F1 | F2 | 2011111902634918200 | F4 | F5 | F6 | F7 | F8 | F9 | F10 | F11 | F12 | 5427776655 | F14 | ...... | 500

Id like to have the output

F1 | F2 | 2011111902634918200 | F4 | F5 | F6 | F7 | F8 | F9 | F10 | F11 | F12 | 5427776655 | F14 | ...... | 500
F1 | F2 | 2011111902634918255 | F4 | F5 | F6 | F7 | F8 | F9 | F10 | F11 | F12 | 5427776655 | F14 | ...... | 202

because above two rows has same $3 (gsm no) and $NF of them are 202 and 500 in turn (it could be opposite too ; 500 and 202) so the smaller of 3rd fields comes first in output..

Thanks in advance
Best Regards

these two lines will be consecutive in the file? or anywhere in the file

I made a couple of assumptions:

1) only records that should be printed are the ones with matching field 13. If a record has no match it isn't printed.
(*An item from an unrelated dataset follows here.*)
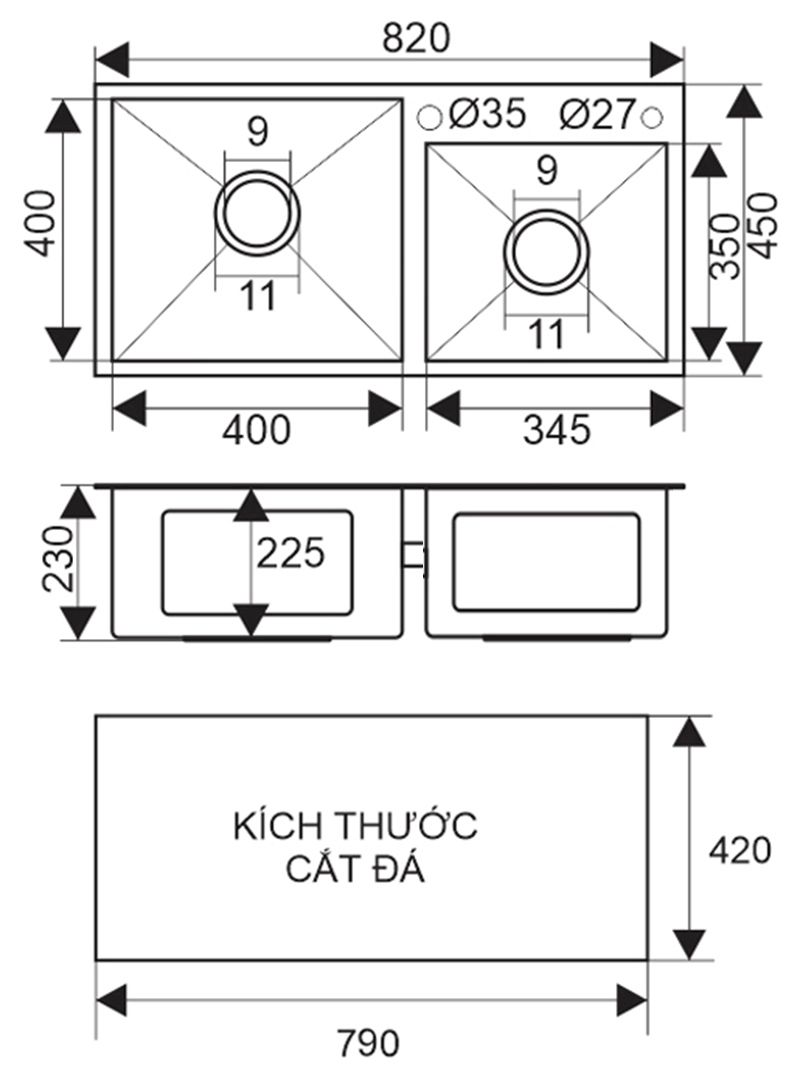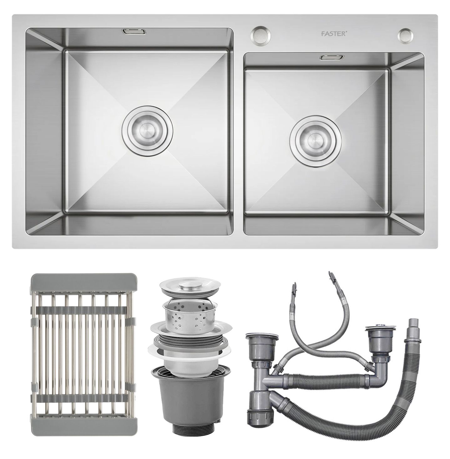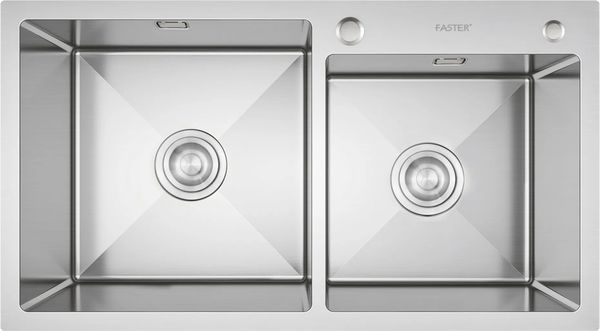 Chậu rửa bát Faster FS 8245HS gây ấn tượng bởi thiết kế vuông vức khá đặc trưng, bao gồm 2 hố rửa lệch (1 to 1 nhỏ), cho phép lắp vòi dễ dàng với tích hợp sẵn lỗ khoét tròn nằm bên phải, phía trên thành chậu.

2) matching records would be consecutive in the input.

awk -F \| '
    function print_set(     i )
    {
        if( iidx < 2)           # print only if there were more than 1
            return;

        asort( idx3 );
        for( i = 1; i <= length( idx3 ); i++ )
            print buf[idx3];
    }

    !( $NF == 202 || $NF == 500 ) { next; }

    p13 != $13 {                # not the same; print previous set if there
        print_set( );

        iidx = 0;               # reset cache
        delete idx;
        delete buf;
    }

    {                           # cache information untl we have a $13 that does not match
        p13 = $13;
        idx3[iidx++] = $3;
        buf[$3] = $0;
    }

    END {
        print_set( );
    }
' input-file >output-file

If all 202/500 records are to be printed, regardless of whether or not there was a matching record based on field 13, then comment out the first two lines (if and return) in the print_set function.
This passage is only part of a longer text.